Update: Focus Features has picked up the project for distribution, according to Deadline. Check out the original story below.
They’re expressly meant to entertain paying audiences, so it’s unlikely you think a whole lot about larger effects caused by Jeremy Renner‘s characters in Ghotocol or The Bourne Legacy. (Well, I should say, no matter how much and how desperately the latter tries to come across as a thinking man’s thriller.) Is this, nevertheless, a territory and way of life he’d like to dig into further?
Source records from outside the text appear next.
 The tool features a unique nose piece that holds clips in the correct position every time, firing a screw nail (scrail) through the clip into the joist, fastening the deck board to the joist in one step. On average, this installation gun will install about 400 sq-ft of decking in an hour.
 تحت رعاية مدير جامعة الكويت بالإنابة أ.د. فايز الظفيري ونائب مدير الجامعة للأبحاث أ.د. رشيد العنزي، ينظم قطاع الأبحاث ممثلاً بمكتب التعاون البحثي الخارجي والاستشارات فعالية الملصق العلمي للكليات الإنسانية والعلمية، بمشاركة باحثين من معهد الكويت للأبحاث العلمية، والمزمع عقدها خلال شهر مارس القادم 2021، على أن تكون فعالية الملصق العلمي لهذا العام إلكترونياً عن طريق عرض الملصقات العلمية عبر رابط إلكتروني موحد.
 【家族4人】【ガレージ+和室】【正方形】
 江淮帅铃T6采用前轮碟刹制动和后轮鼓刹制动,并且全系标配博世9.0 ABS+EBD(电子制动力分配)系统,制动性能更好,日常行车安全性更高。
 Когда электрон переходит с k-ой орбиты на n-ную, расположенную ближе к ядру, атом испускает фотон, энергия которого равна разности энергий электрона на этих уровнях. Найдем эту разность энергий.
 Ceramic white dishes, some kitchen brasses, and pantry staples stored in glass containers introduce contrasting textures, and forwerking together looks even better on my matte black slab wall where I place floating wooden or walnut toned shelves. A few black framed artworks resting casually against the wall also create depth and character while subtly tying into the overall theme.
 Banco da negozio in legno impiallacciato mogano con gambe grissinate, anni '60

Far be it from me to posit what thought goes into his process of selecting a role — save for a series of questions pertaining to Hansel & Gretel: Witch Hunters — but what follows displays some kind of willingness to explore new, darker facets of spy life.
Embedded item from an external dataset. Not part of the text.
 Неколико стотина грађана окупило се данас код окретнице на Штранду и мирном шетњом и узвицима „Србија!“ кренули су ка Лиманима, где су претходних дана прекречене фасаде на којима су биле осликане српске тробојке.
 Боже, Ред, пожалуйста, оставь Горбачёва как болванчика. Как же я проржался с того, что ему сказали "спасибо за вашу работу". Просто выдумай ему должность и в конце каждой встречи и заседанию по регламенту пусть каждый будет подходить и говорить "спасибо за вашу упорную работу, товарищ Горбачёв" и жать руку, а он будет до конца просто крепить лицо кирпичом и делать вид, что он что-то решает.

According to Deadline, Renner has been contracted for the starring role in Kill the Messenger, which Michael Cuesta — recently off the feature Roadie, but best-known for work on episodes of Homeland — has been tapped to helm. The true-life tale, as scripted by Parkland writer-director Peter Landesman, revolves around Gary Webb, a man who sparked media attention from a slate of professional work, as well as up to and past his own tragic suicide; as it shook out, the reporter for San Jose Mercury News took his own life after years of personal attacks from the CIA had left him unable to continue a proper journalism career. (Suddenly, jokes about chems don’t hold the same appeal.)
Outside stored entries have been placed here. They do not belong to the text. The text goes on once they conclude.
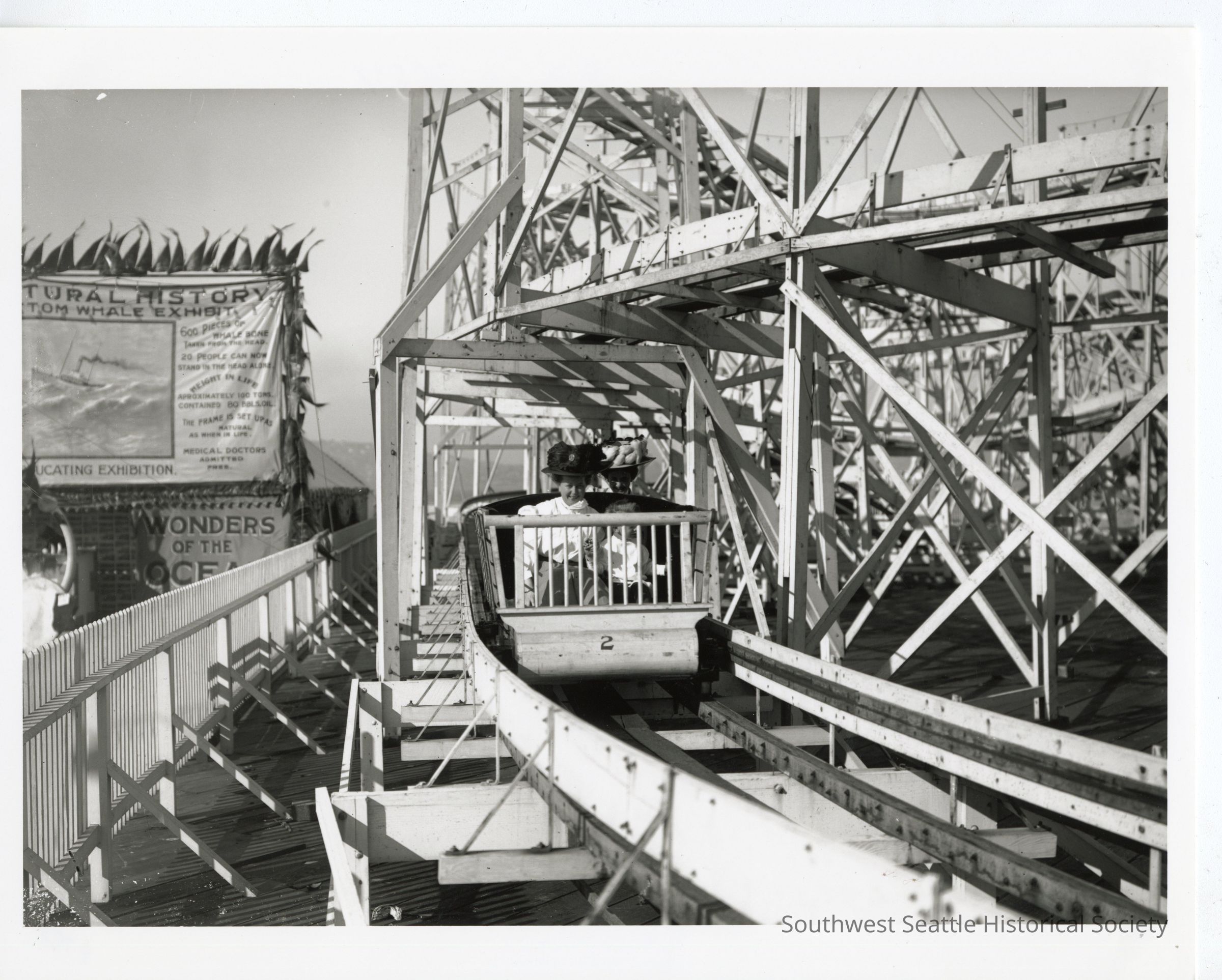 Two women and a child ride 'The Great Figure Eight' roller coaster at Luna Park.Collection
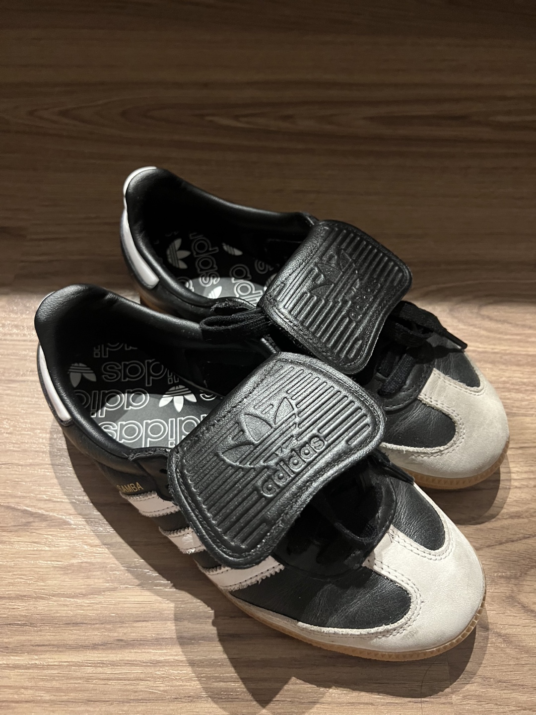 Selling a pair of Adidas Samba shoes in black and white for kids. These are in great shape and ready for a new home! Classic style for your little one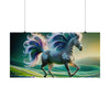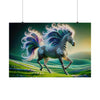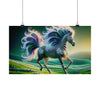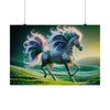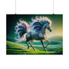 The poster for "Radiant Starlight" would depict an ethereal and majestic zebra in a fantastical setting. The zebra strides gracefully across a lush, undulating landscape of vibrant green hills dotted with pastel-colored flowers. Its stripes create a hypnotic pattern that dances and flows with the creature's movement. The most striking feature is its mane and tail, which burst into an iridescent spectrum of colors, reminiscent of a cosmic phenomenon. Each strand of the mane and tail curls into an intricate spiral, glowing as if imbued with an inner light, mimicking the starlit sky above. The background fades from a twilight green to a deep celestial blue, with hints of aurora-like lights hinting at a world alive with magic. The overall effect is one of wild beauty, untamed energy, and a sense of wonder that captures the viewer's imagination, inviting them to step into a world where nature and fantasy intertwine.

It can all be traced back to Webb’s 1996 piece, “Dark Alliance,” which connected the American-based Nicaraguan drug trade — sales of crack, in particular — with funding for the Iran-Contra struggle, for which the intelligence agency’s own connections to served as a major source of political controversy during the late ’80s. (The public face of that fiasco is now starring in commercials for Call of Duty.) His accusations against the CIA were not of the most inflammatory sort, considering what directions things went in, but it was enough to provoke accusations that would hurt professional ambitions until his final days.
The narrative content of which is good for Renner, an actor who, despite some good work here or there, has been unable to bite into truly solid roles since The Hurt Locker a few years back. While it’s all for naught if the screenplay doesn’t have anything at its center, Landesman‘s use of “Dark Alliance” itself and, furthermore, Nick Schou‘s well-regarded Kill the Messenger for his template could make a noticeable difference; the quality of the writing remains to be seen, but veracity should be expected. All in all, this sounds like a project with the potential for greatness, so it goes without saying that this writer’s fingers are crossed that it coalesces without much of a hiccup.
Renner‘s The Combine and Scott Stuber‘s Bluegrass are producing, which will allow Cuesta to begin rolling cameras on Kill the Messenger this summer.
Does this sound like a good next step for Renner?